Establish segmentation with management groups
Management groups can manage resources across multiple subscriptions consistently and efficiently. However, due to its flexibility, your design can become complex and compromise security and operations.
Support your segmentation strategy with management groups
Structure management groups into a simple design that guides the enterprise segmentation model.
Management groups offer the ability to consistently and efficiently manage resources (including multiple subscriptions as needed). However, because of their flexibility, it's possible to create an overly complex design. Complexity creates confusion and negatively impacts both operations and security (as illustrated by overly complex Organizational Unit (OU) and Group Policy Object (GPO) designs for Active Directory).
Microsoft recommends aligning the top level of management groups (MGs) into a simple enterprise segmentation strategy and limit the levels to no more than two.
In the example reference, there are enterprise-wide resources used by all segments, a set of core services that share services, additional segments for each workload.
Root management group for enterprise-wide resources.
Use the root management group to include identities that have the requirement to apply policies across every resource. For example, regulatory requirements, such as restrictions related to data sovereignty. This group is effective in by applying policies, permissions, tags, across all subscriptions.
Caution
Be careful when using the root management group because the policies can affect all resources on Azure and potentially cause downtime or other negative impacts. For considerations, see Use root management group with caution later in this article.
For complete guidance about using management groups for an enterprise, see CAF: Management group and subscription organization.
Management group for each workload segment.
Use a separate management group for teams with limited scope of responsibility. This group is typically required because of organizational boundaries or regulatory requirements.

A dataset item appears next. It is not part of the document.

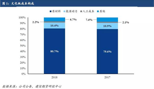 四、文化紙成本構成 根據五家2018年報發布的數據計算,文化紙成本構成中原材料端約占80.7%,比2017年的79.6%比例小幅增長;其他各項,能源動力占10.4%,人工成本占2.2%,其他制造費用6.7%。

Root or segment management group for the core set of services.
Use root management group with caution
Use the Root Management Group (MG) for enterprise consistency, but test changes carefully to minimize risk of operational disruption.

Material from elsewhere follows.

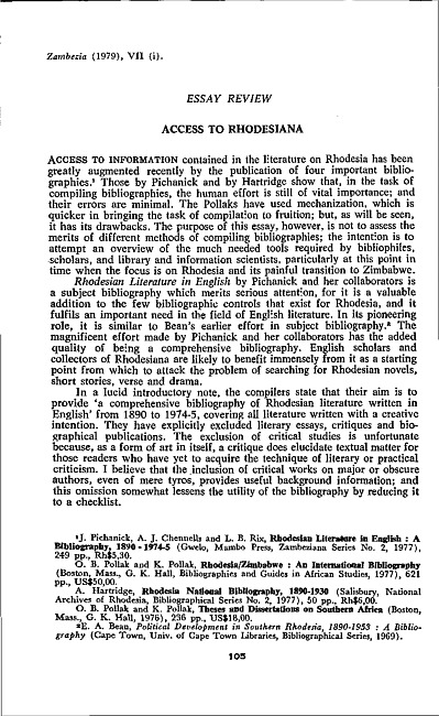 Access to Rhodesiana

The root management group enables you to ensure consistency across the enterprise by applying policies, permissions, and tags across all subscriptions. Care must be taken when planning and implementing assignments to the root management group because this can affect every resource on Azure and potentially cause downtime or other negative impacts on productivity in the event of errors or unanticipated effects.
Plan carefully: Select enterprise-wide elements to the root management group that have a clear requirement to be applied across every resource and/or low impact.

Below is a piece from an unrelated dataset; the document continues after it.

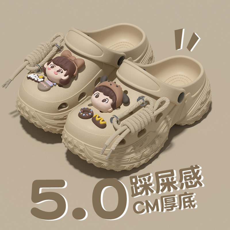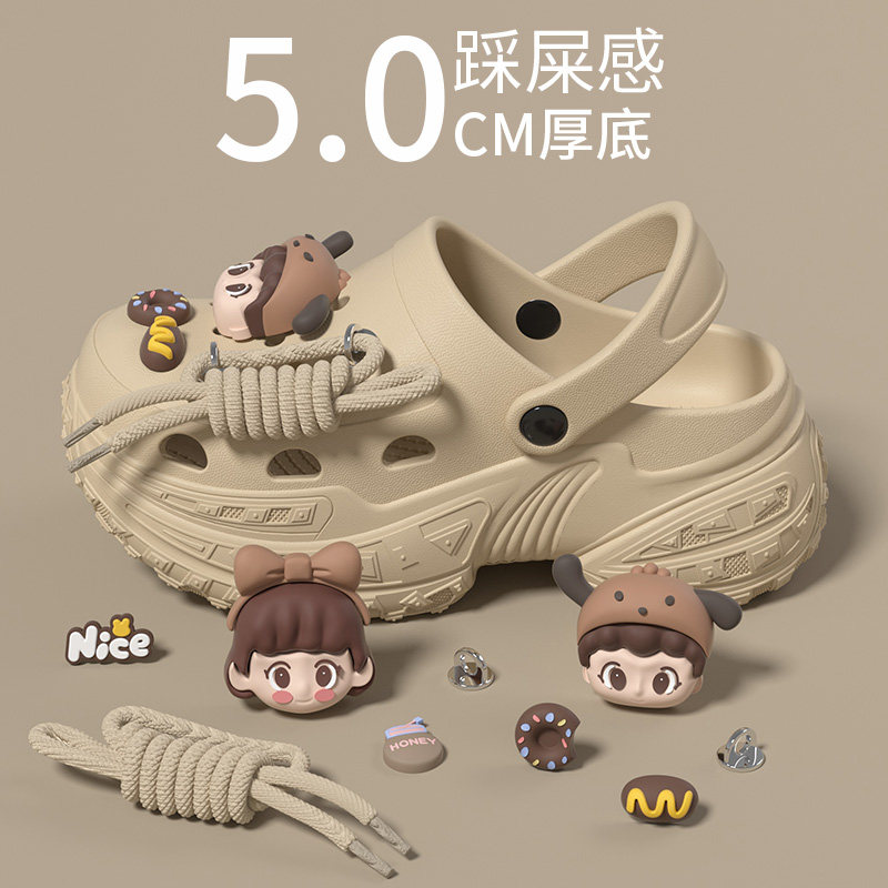 DIY可爱小女孩洞洞鞋女2025新款外出防滑舒适时尚百搭增高洞洞鞋

Select enterprise-wide identities that have a clear requirement to be applied across all resources. Good candidates include:
Regulatory requirements with clear business risk/impact. For example, restrictions related to data sovereignty.
Near-zero potential negative impact. For example, policy with audit effect, tag assignment, Azure RBAC permissions assignments that have been carefully reviewed.
Use a dedicated service principal name (SPN) to execute management group management operations, subscription management operations, and role assignment. SPN reduces the number of users who have elevated rights and follows least-privilege guidelines. Assign the User Access Administrator at the root management group scope (/) to grant the SPN just mentioned access at the root level. After the SPN is granted permissions, the User Access Administrator role can be safely removed. In this way, only the SPN is part of the User Access Administrator role. Assign Contributor permission to the SPN, which allows tenant-level operations. This permission level ensures that the SPN can be used to deploy and manage resources to any subscription within your organization.
Limit the number of Azure Policy assignments made at the root management group scope (
/
). This limitation minimizes debugging inherited policies in lower-level management groups.Don't create any subscriptions under the root management group. This hierarchy ensures that subscriptions don't only inherit the small set of Azure policies assigned at the root-level management group, which don't represent a full set necessary for a workload.
Test first: Plan, test, and validate all enterprise-wide changes on the root management group before applying (policy, tags, Azure RBAC model, and so on).
Test lab: Representative lab tenant or lab segment in production tenant.
Production pilot: This can be a segment management group or designated subset in subscription(s) management group.
Validate changes: to ensure they have the desired effect.